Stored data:
Segment Open

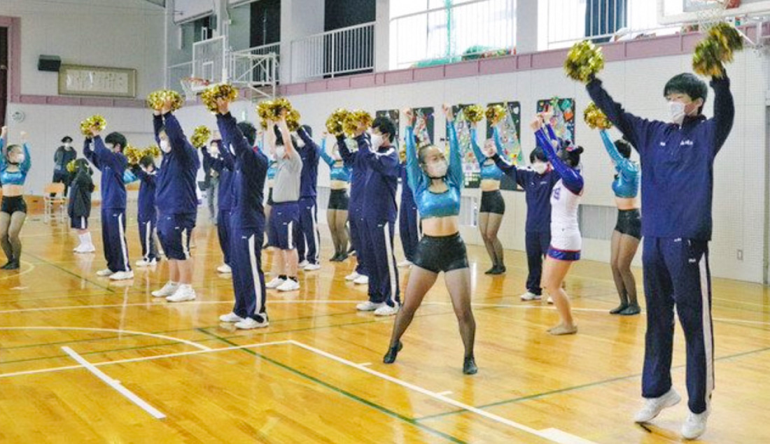 福井南特別支援学校は21日、福井商業高チアリーダー部JETS(ジェッツ)の1〜3年生26人を学校に招き、交流会を開いた。高等部の1年生らはダンスを教えてもらい、一緒に踊った。(成田真美)
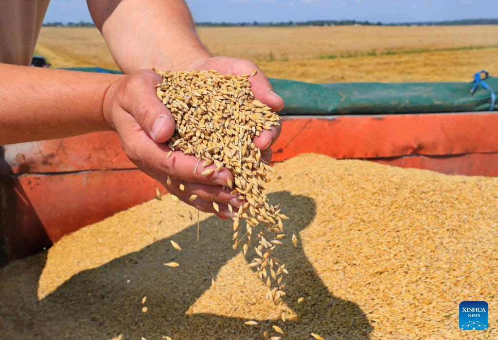 Photo taken on Aug. 4, 2022 shows grains just been harvested in Minsk, Belarus. (Photo by Henadz Zhinkov/Xinhua)
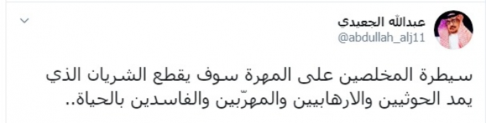 وكتب عبر تغريدة له على "تويتر" رصدها "المشهد العربي": "سيطرة المخلصين على المهرة سوف يقطع الشريان الذي يمد الحوثيين والإرهابيين والمهرّبين والفاسدين بالحياة".
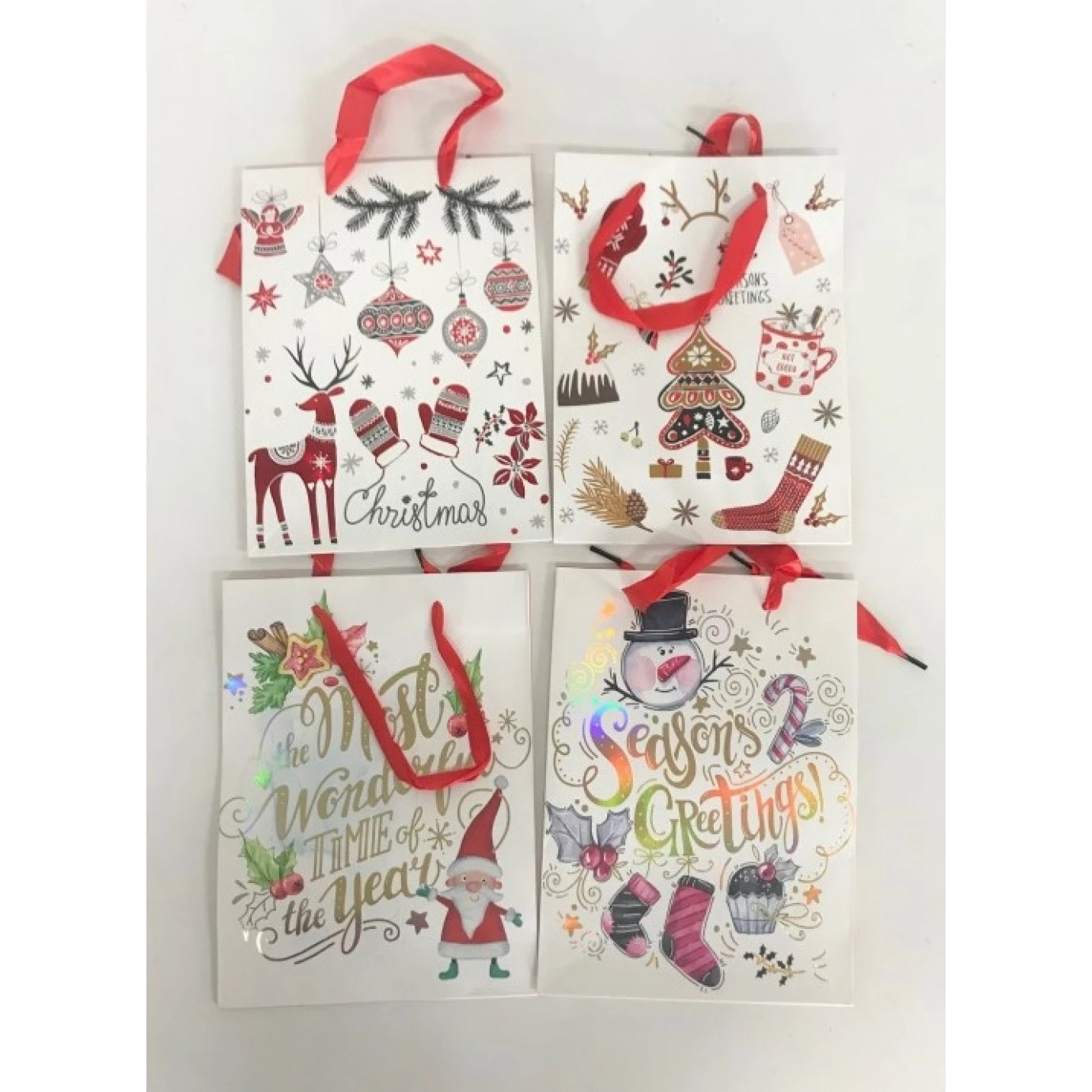 Gift bag is made from wax paper with ribbon drawstring at the top. Available in assorted designs, please note we are unable to offer a design preference. You are purchasing one individual gift bag.
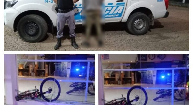 En el lugar, la prevención constató el daño del vidrio del local y sobre su entrada se encontraba una bicicleta deportiva con trabas, la cual aparentemente intentaban sustraer. Asimismo, personal de la División Video Vigilancia, pone en conocimiento que el presunto autor fue detenido en calle Santa Fe y calle 2.
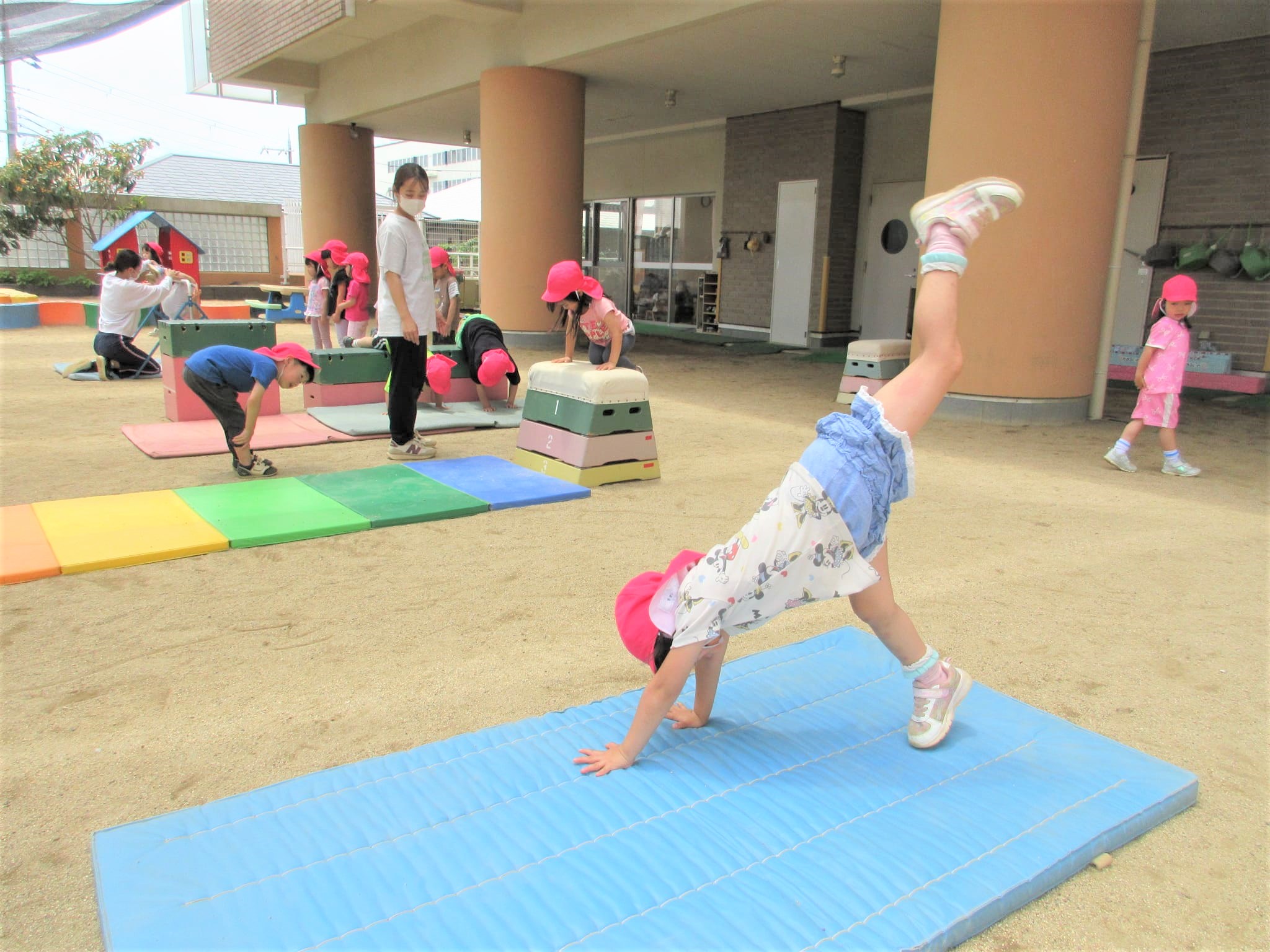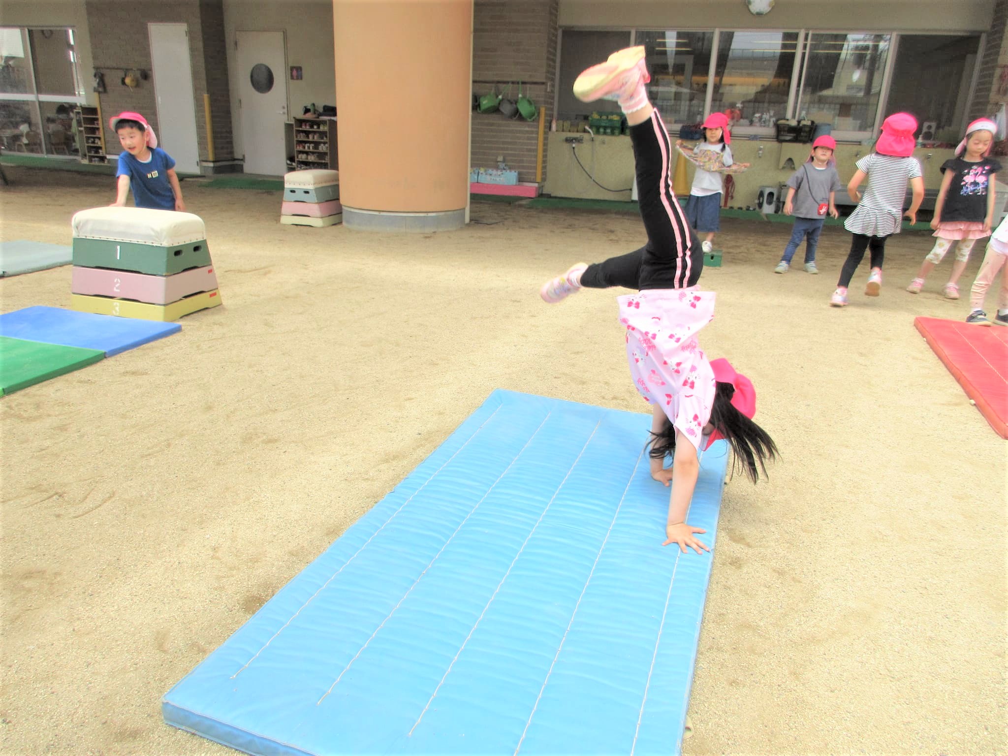 鉄馬の後は、側転も意欲的に取り組んでいます!
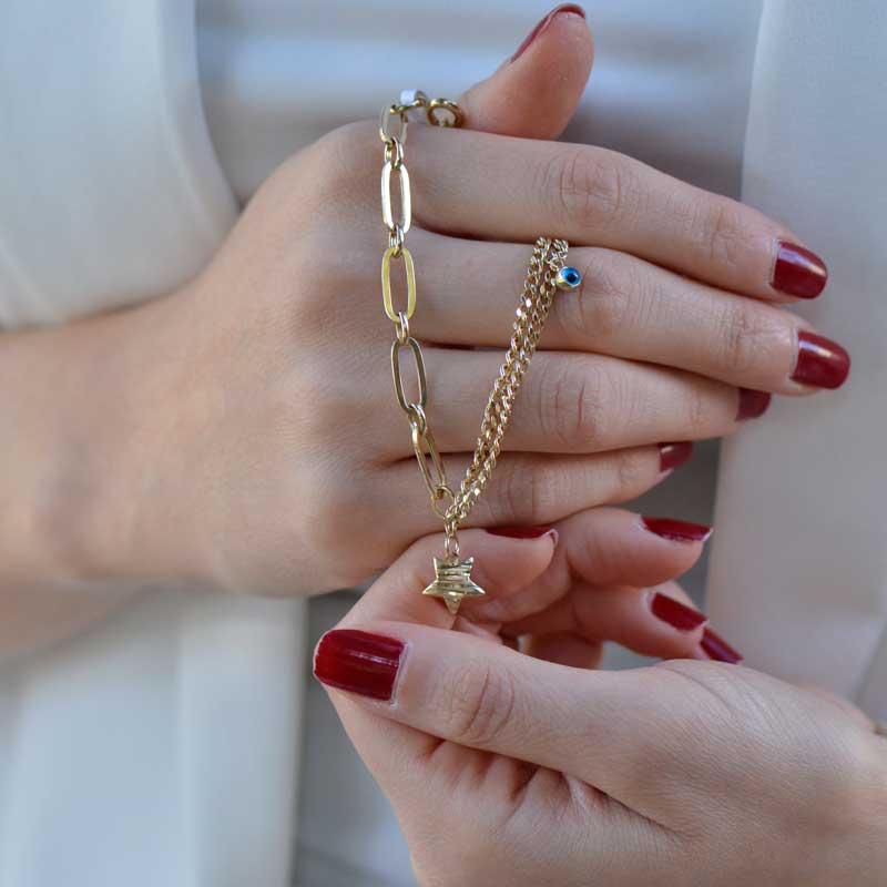Kumlu Renkli Dorika Bileklik – Altın Şık Takı Modeli

Segment Closed

**Exercise**
Please transcribe word for word the lines from the one bearing "وكتب عبر تغريدة" through the last line of the records above, omitting the pictures.

**Expected output**
 وكتب عبر تغريدة له على "تويتر" رصدها "المشهد العربي": "سيطرة المخلصين على المهرة سوف يقطع الشريان الذي يمد الحوثيين والإرهابيين والمهرّبين والفاسدين بالحياة".
 Gift bag is made from wax paper with ribbon drawstring at the top. Available in assorted designs, please note we are unable to offer a design preference. You are purchasing one individual gift bag.
 En el lugar, la prevención constató el daño del vidrio del local y sobre su entrada se encontraba una bicicleta deportiva con trabas, la cual aparentemente intentaban sustraer. Asimismo, personal de la División Video Vigilancia, pone en conocimiento que el presunto autor fue detenido en calle Santa Fe y calle 2.
 鉄馬の後は、側転も意欲的に取り組んでいます!
Kumlu Renkli Dorika Bileklik – Altın Şık Takı Modeli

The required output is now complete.